[Dataset entries]

BEGIN

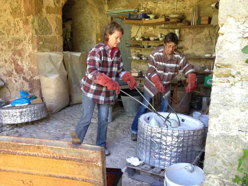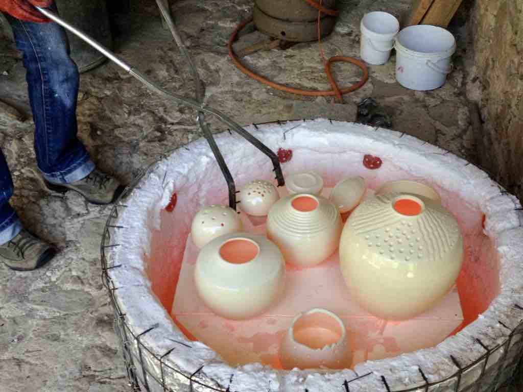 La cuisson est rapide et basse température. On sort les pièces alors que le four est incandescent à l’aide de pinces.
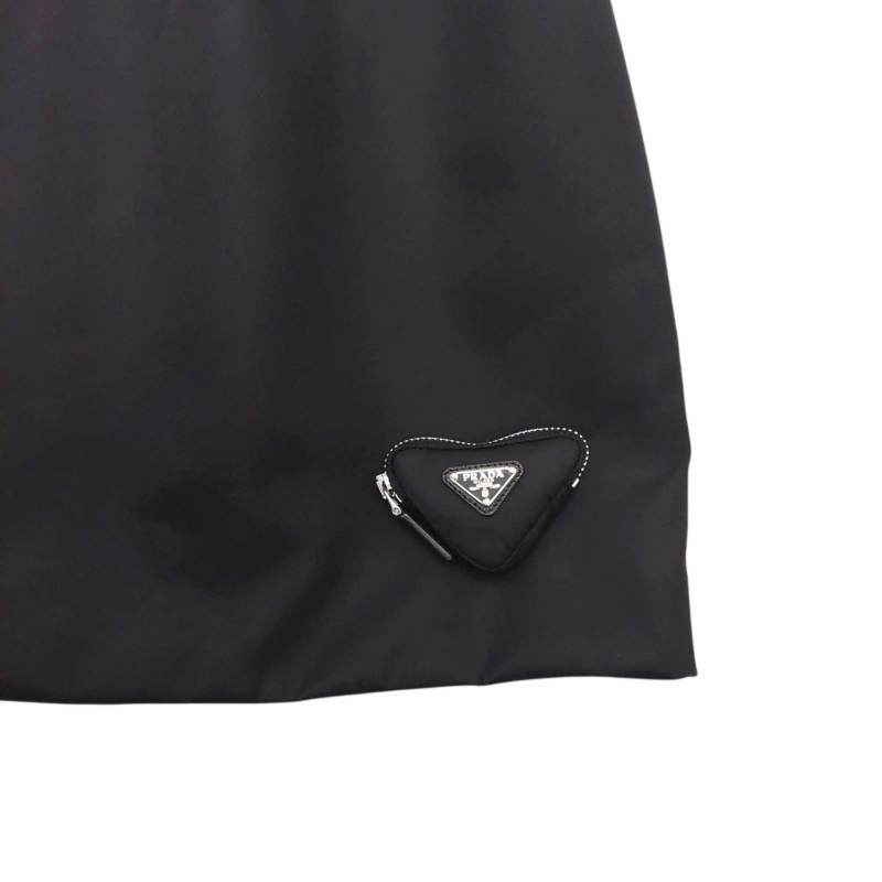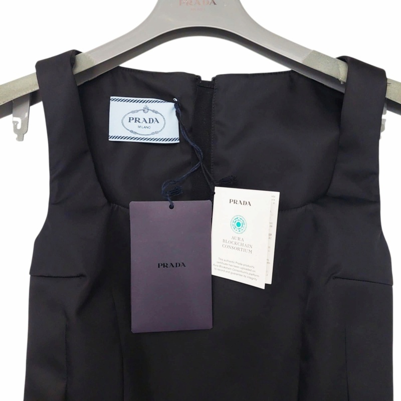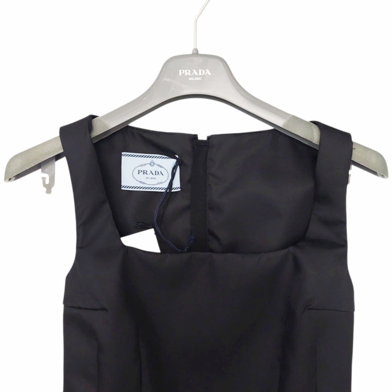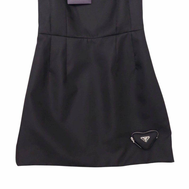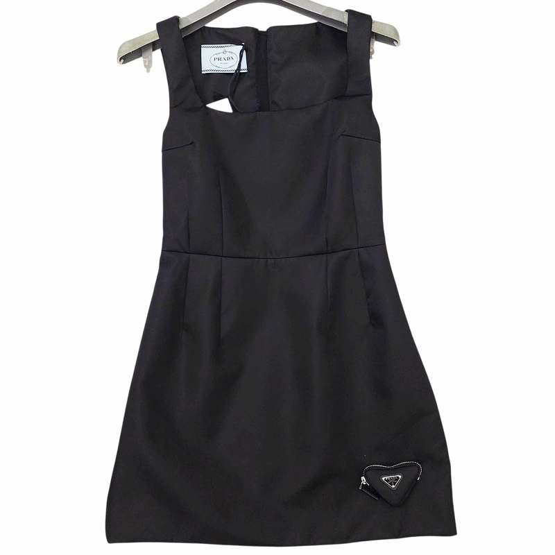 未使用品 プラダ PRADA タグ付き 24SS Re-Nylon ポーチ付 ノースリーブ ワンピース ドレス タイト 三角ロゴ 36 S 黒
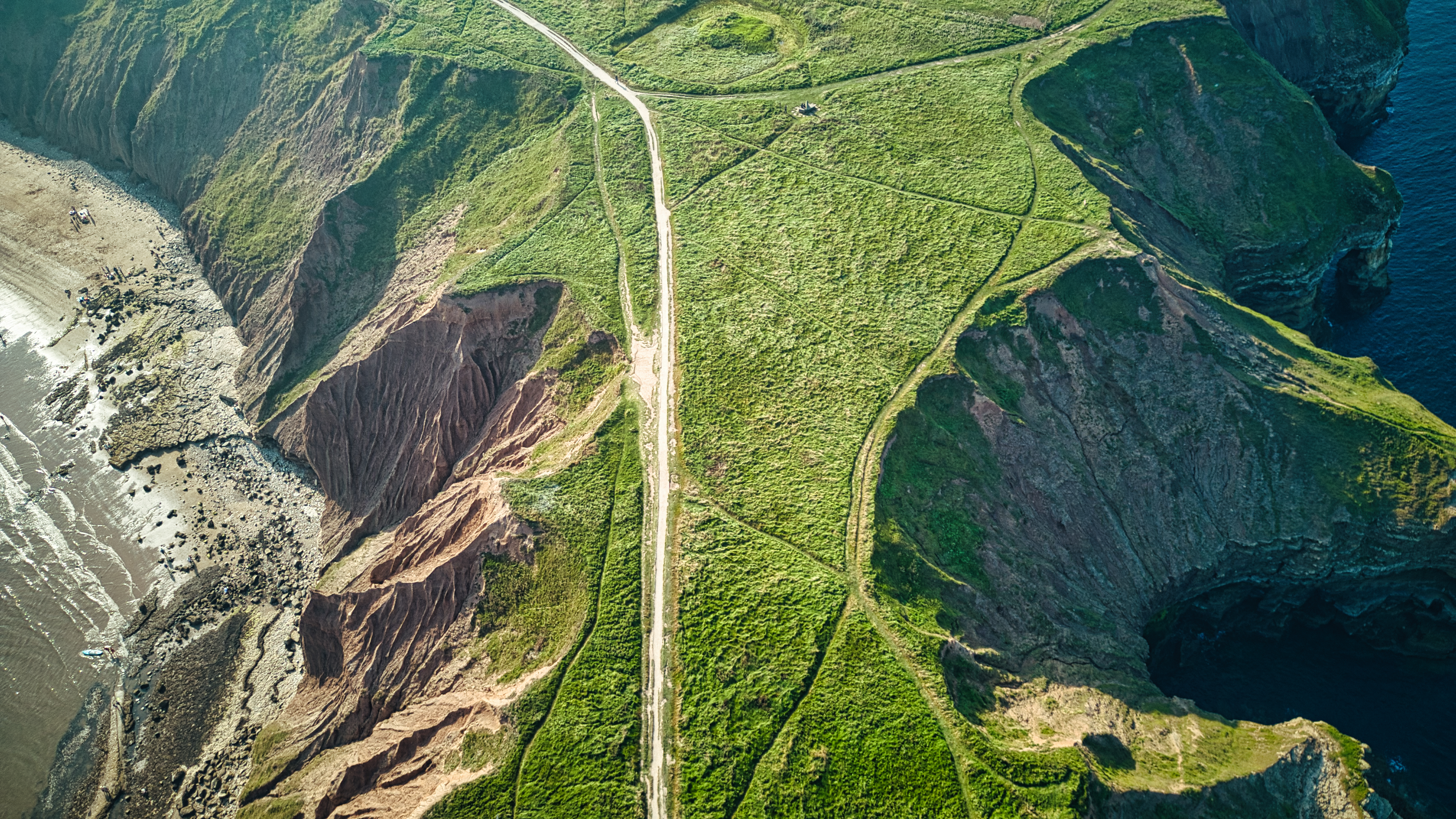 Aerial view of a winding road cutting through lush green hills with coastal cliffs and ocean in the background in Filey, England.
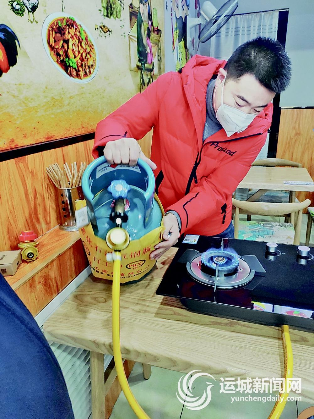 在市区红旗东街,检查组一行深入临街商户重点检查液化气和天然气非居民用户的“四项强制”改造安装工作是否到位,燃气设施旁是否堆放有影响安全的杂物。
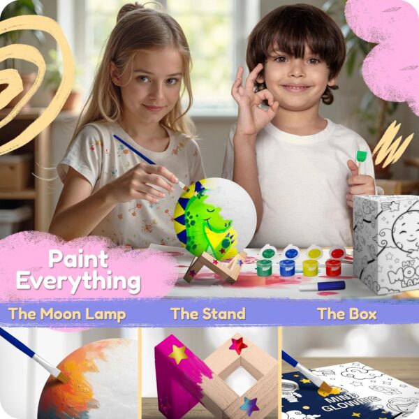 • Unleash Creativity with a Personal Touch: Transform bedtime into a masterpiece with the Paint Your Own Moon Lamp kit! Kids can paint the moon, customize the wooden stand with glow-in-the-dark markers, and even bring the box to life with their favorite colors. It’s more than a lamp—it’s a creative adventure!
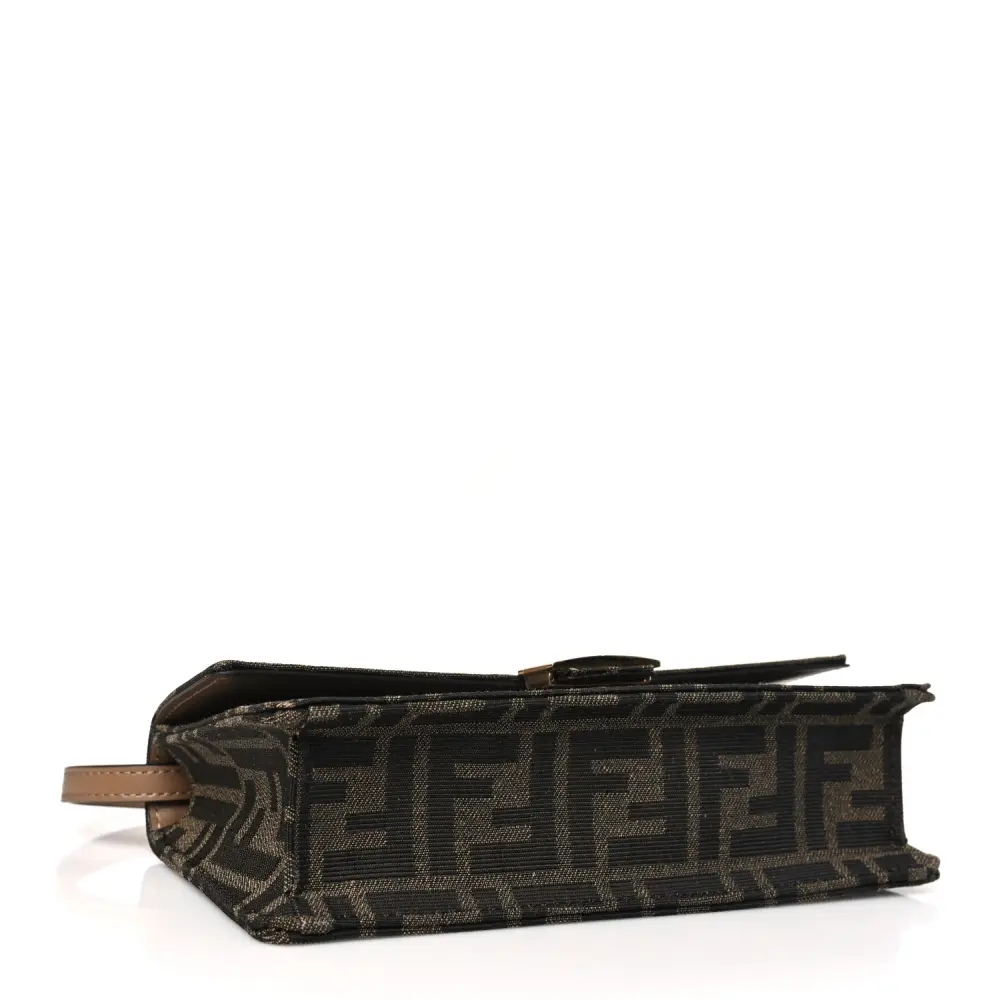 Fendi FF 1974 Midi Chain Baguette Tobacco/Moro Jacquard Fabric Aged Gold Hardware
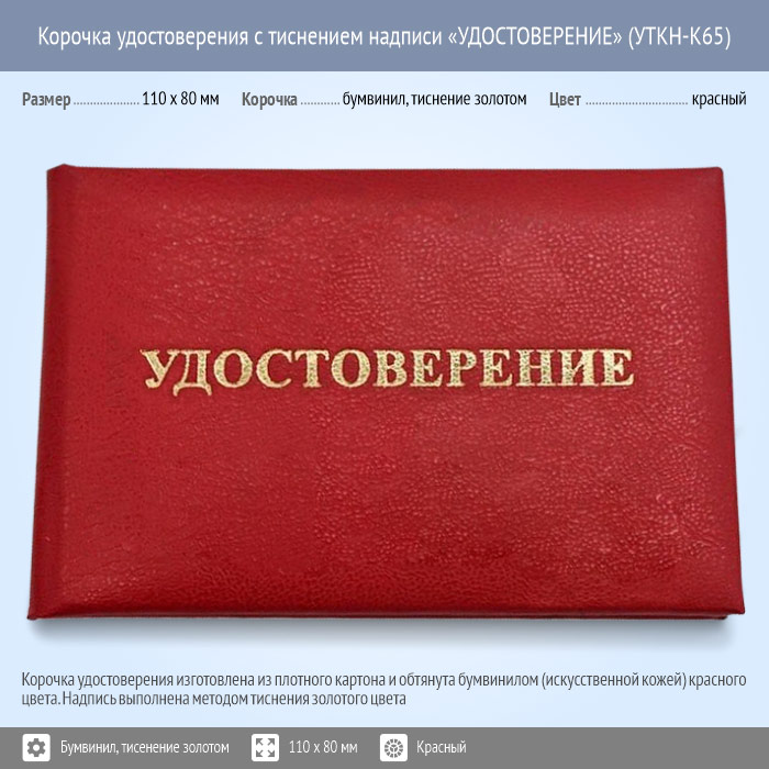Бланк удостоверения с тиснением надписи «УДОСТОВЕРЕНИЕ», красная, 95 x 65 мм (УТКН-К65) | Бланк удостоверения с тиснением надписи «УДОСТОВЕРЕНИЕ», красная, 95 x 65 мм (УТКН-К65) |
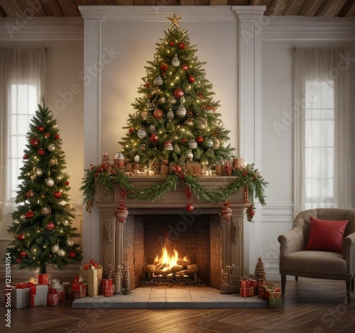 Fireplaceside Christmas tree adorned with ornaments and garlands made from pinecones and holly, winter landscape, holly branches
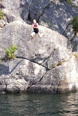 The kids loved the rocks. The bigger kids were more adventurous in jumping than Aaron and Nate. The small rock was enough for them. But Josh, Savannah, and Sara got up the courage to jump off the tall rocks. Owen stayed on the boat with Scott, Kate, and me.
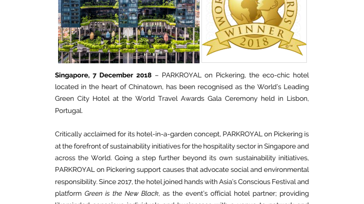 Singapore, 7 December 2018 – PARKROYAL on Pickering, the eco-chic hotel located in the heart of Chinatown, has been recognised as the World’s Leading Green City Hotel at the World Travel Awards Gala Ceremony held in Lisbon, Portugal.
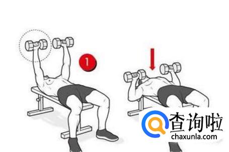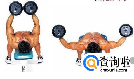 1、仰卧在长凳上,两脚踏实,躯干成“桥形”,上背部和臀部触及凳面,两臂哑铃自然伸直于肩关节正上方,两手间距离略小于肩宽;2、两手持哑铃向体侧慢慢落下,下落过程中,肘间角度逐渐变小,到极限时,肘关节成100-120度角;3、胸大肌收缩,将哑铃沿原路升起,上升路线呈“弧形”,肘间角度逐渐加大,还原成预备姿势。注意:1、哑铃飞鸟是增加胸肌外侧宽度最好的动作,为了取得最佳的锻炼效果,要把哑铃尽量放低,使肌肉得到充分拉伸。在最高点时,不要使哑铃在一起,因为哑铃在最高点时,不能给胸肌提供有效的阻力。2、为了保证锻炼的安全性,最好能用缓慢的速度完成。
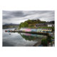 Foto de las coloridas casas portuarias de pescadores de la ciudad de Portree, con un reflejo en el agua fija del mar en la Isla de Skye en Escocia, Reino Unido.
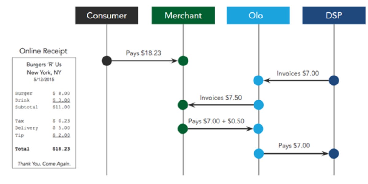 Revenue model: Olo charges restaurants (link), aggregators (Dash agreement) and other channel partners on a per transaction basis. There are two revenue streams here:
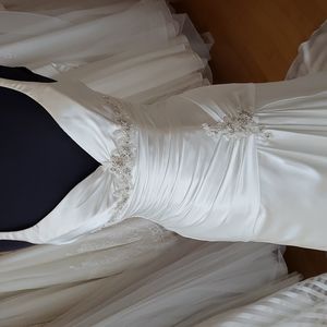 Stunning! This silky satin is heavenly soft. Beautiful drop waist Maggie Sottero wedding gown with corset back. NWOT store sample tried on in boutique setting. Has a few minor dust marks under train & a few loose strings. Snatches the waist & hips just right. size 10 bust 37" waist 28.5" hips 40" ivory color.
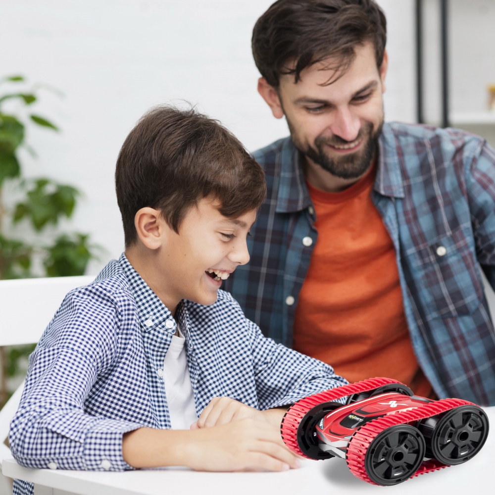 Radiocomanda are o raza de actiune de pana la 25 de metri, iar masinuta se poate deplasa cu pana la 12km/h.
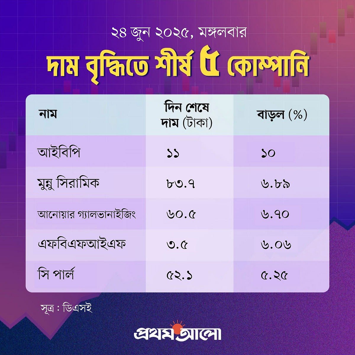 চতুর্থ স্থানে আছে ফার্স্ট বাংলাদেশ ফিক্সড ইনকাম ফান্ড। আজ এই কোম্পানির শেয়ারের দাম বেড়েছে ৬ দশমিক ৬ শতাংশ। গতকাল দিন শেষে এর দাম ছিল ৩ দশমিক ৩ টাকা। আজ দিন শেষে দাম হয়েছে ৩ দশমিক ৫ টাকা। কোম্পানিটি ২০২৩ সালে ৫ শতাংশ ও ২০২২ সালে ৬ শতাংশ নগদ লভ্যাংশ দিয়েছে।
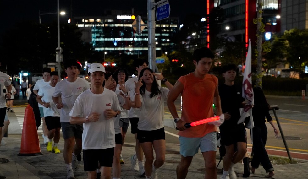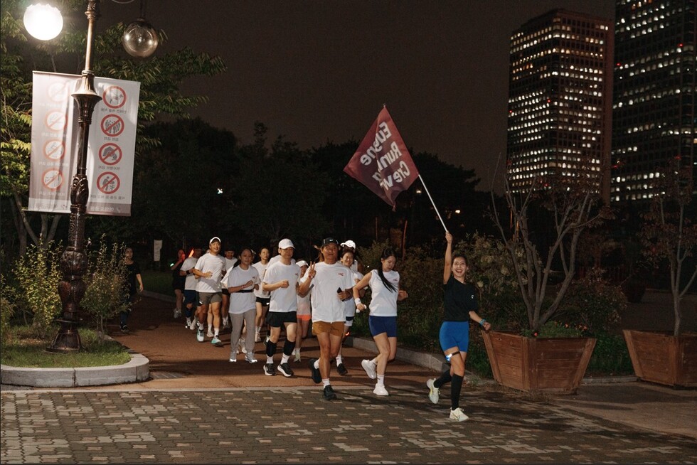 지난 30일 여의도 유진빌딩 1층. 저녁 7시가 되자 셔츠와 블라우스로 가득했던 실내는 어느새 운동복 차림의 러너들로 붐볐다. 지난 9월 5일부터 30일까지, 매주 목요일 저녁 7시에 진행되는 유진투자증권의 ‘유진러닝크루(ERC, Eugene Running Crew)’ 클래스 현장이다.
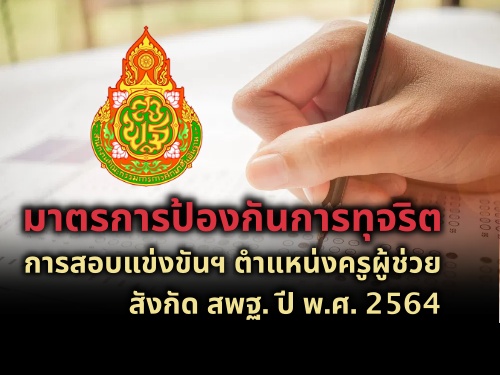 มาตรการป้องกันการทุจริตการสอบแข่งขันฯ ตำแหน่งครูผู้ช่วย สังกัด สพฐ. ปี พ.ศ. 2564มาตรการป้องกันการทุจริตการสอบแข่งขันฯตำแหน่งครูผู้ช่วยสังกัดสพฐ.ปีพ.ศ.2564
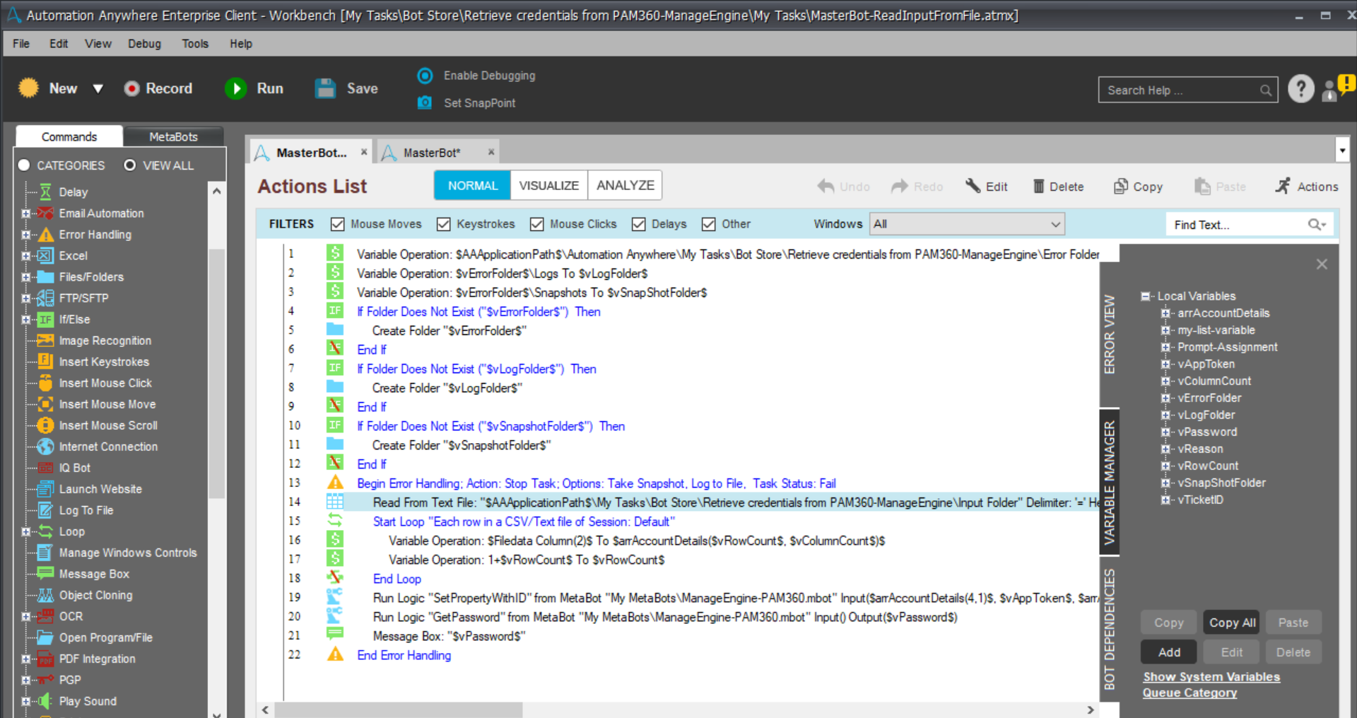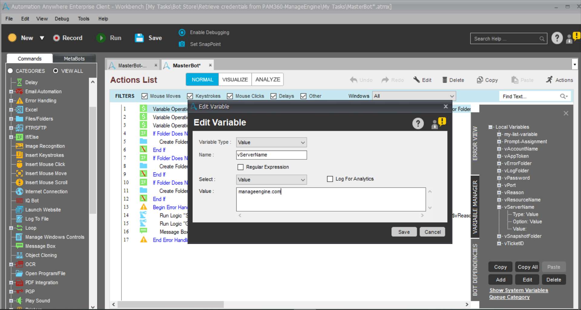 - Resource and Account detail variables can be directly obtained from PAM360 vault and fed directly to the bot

END

Required action>
Your copy should hold only the lines running from the one that contains "มาตรการป้องกันการทุจริตการสอบแข่งขันฯ ตำแหน่งครูผู้ช่วย สังกัด" through the final line of the data; transcribe them exactly, both ends included, and leave pictures out.

Task answer>
 มาตรการป้องกันการทุจริตการสอบแข่งขันฯ ตำแหน่งครูผู้ช่วย สังกัด สพฐ. ปี พ.ศ. 2564มาตรการป้องกันการทุจริตการสอบแข่งขันฯตำแหน่งครูผู้ช่วยสังกัดสพฐ.ปีพ.ศ.2564
 - Resource and Account detail variables can be directly obtained from PAM360 vault and fed directly to the bot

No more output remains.